Replace browser-originated getProgramAccounts memcmp scans (current pattern across useAllAgents, useAgentTasks, useTasksByCreator) with a server-side REST + WS surface hitting the indexer's Postgres schema. Two effects: (1) shifts the read-heavy filter+sort path off mainnet RPC, where 5 memcmp scans per marketplace load is a cost + latency tax that does not scale past a few hundred agents, and (2) gives realtime consumers a single bearer-auth'd WS channel for agent / task / treasury state transitions without standing up a per-page Yellowstone subscription.

Non-goals

Not a write surface.

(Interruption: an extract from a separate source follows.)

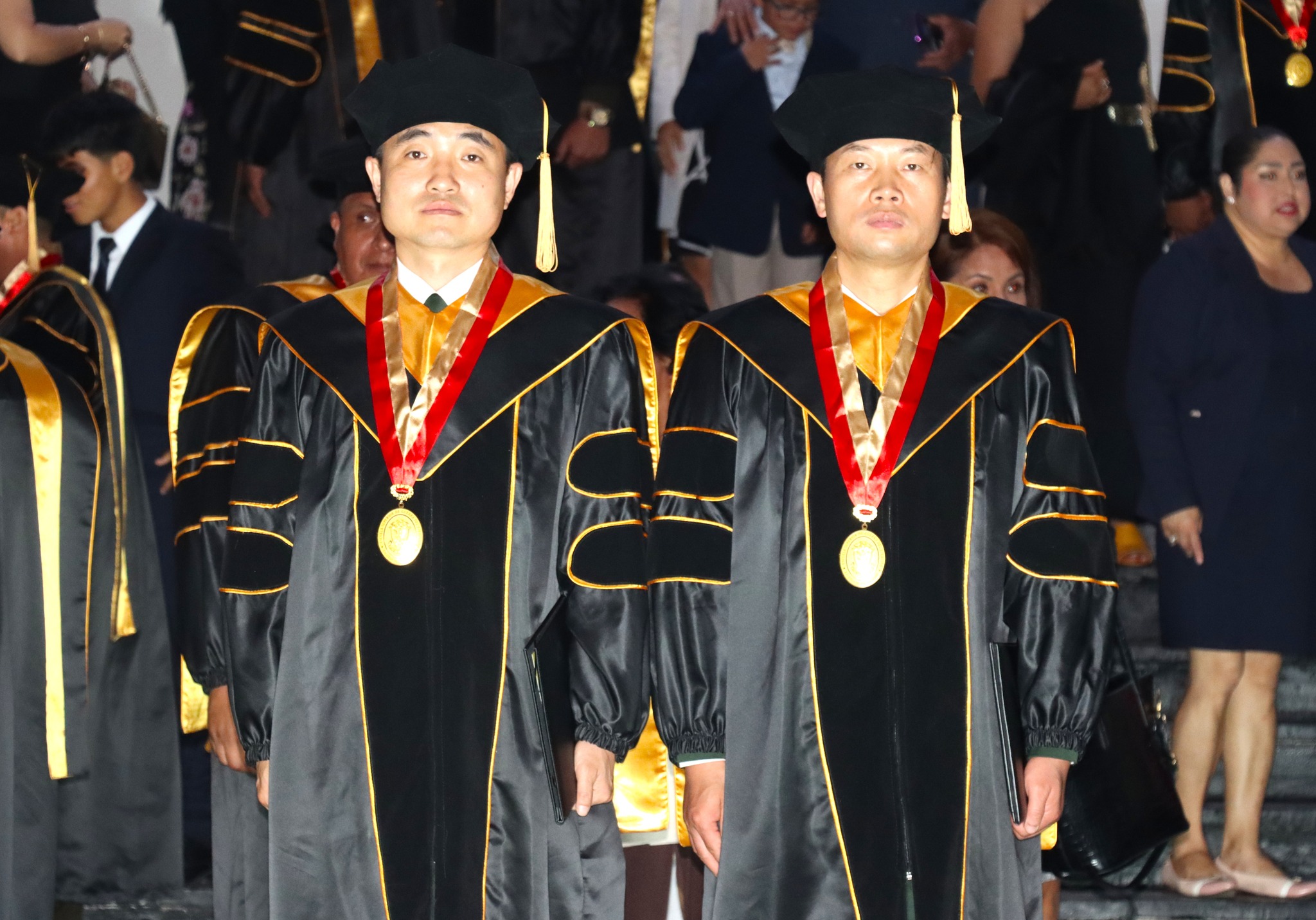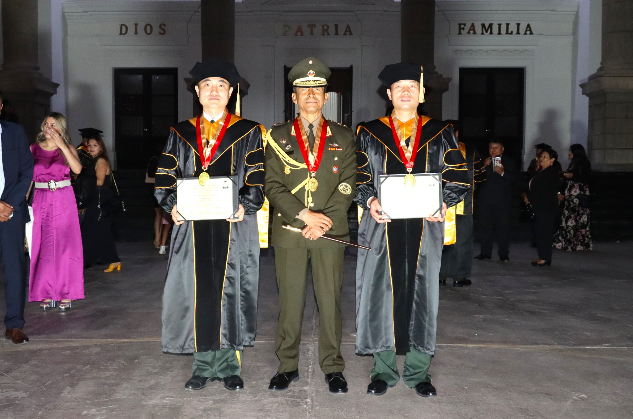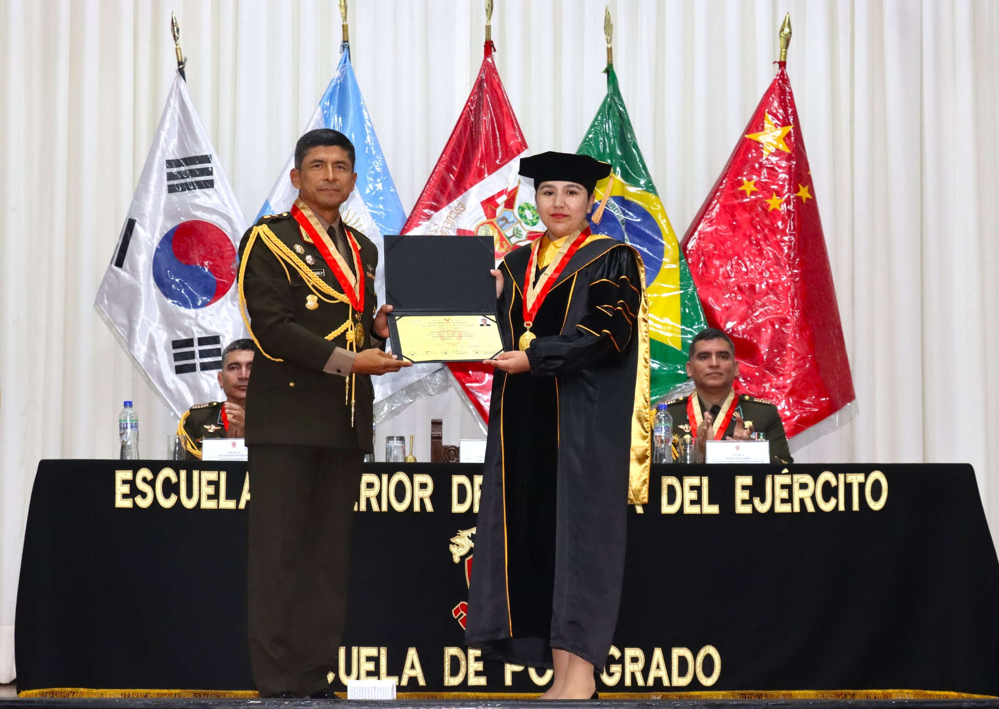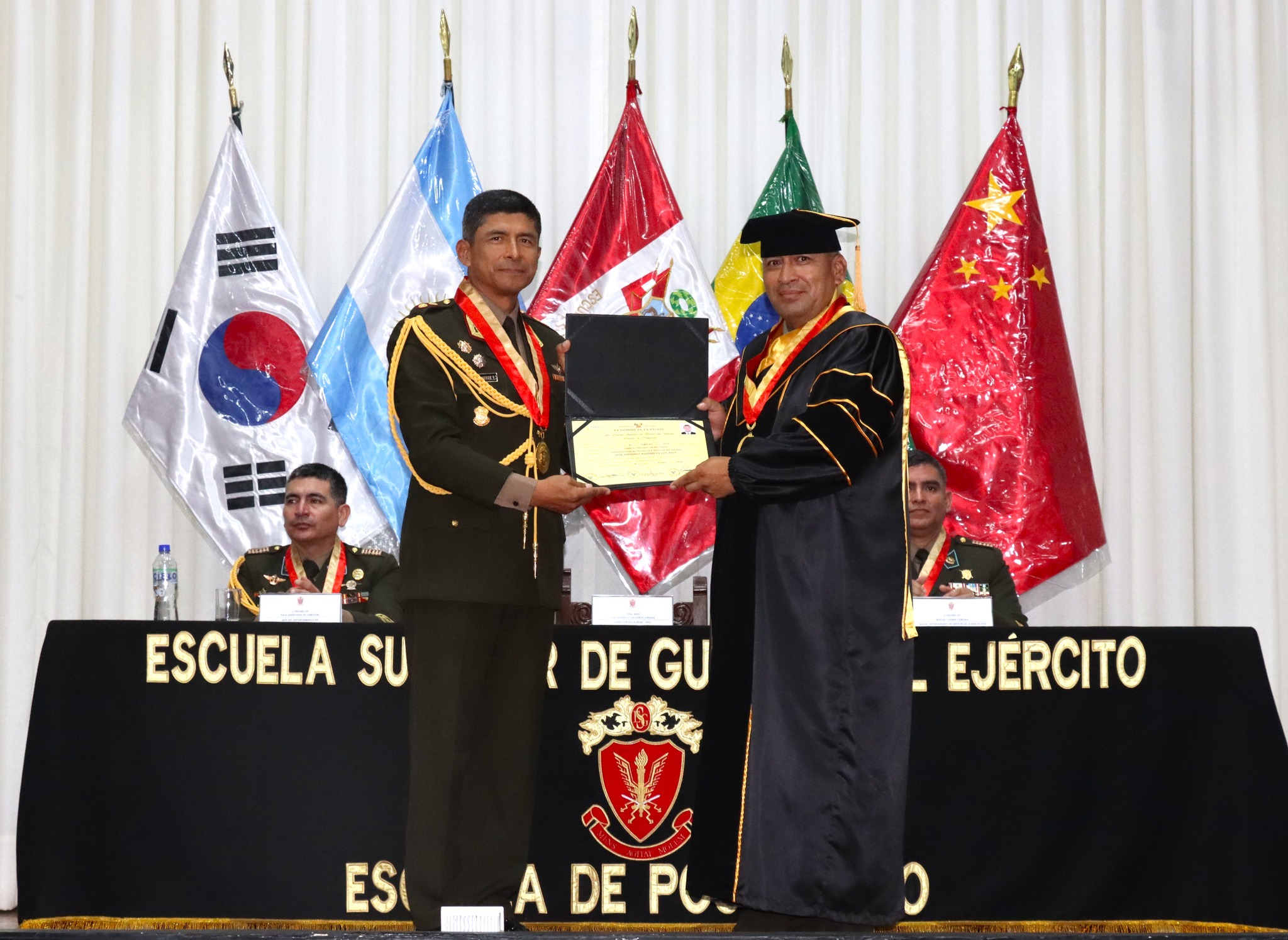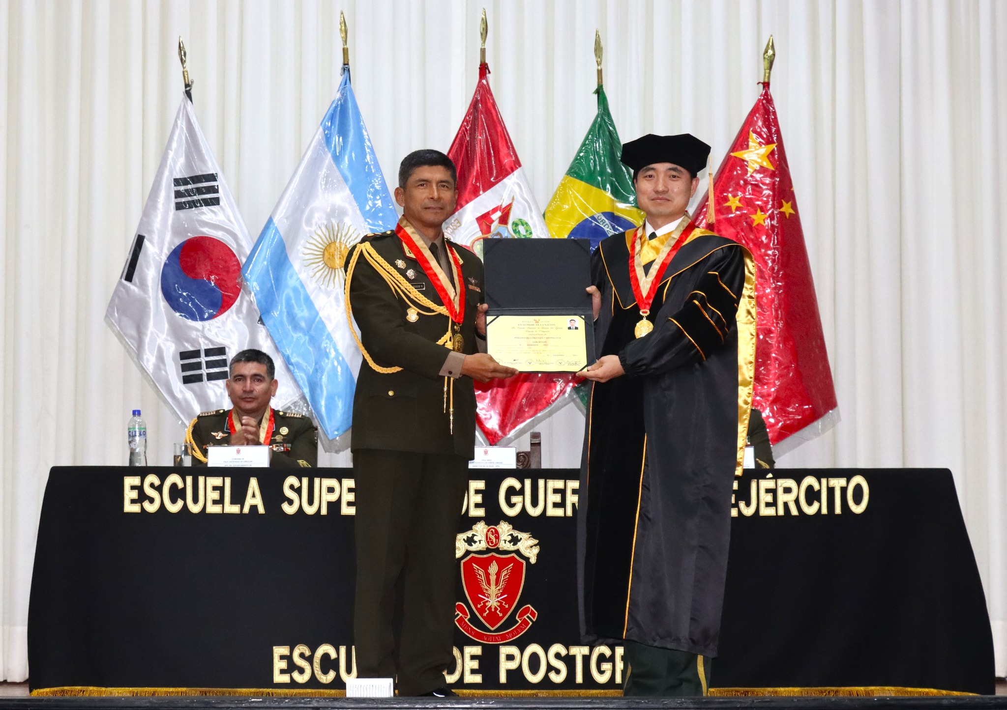 Durante la ceremonia, el señor General de Brigada Juan Valverde Vírhuez, Director de esta prestigiosa casa de estudios, hizo entrega de los diplomas de otorgamiento del grado académico de magister y medallas correspondientes a los señores oficiales maestros promoción 2025; entre ellos, oficiales de las Fuerzas Armadas y Policía Nacional del Perú, y del Ejército Popular de Liberación de la República Popular China, Tte Crl EPL Yan Houyi y Tte Crl EPL He Wang.

All mutations stay SDK → RPC → chain. Discovery is read-only.
Not the analytics API. services/indexer/src/stats.rs already owns /stats/* — 7 fixed-shape aggregate endpoints for the public analytics page. Discovery adds row-level search + subscription; aggregate roll-ups stay there.
Not the IACP bus. IACP (specs/08-iacp-bus.md) moves signed agent-to-agent envelopes; Discovery moves indexed chain state. Overlap is zero — different auth model, different payload shape, different delivery guarantees.
Not a Yellowstone gRPC passthrough. Consumers that need raw chain events (validators, audit tooling) should subscribe to Yellowstone directly via Helius dedicated. Discovery WS delivers decoded, filtered, schema-stable events.
Not a historical backfill tool. Initial implementation serves live + recent (≤30d default) state; deeper history is Open-Q #8.

Service placement

Discovery lives as a standalone TS service at services/discovery/ (fastify 5 + @fastify/websocket + pg + zod) serving /v1/discovery/*. The indexer binary retains a legacy /api/* alias in services/indexer/src/discovery.rs (Rust shim over the same matviews) until portal callers migrate off useAgentReputation et al., at which point the shim retires. Both paths read the same Postgres matviews (agent_directory / task_directory / reputation_rollup); no schema divergence.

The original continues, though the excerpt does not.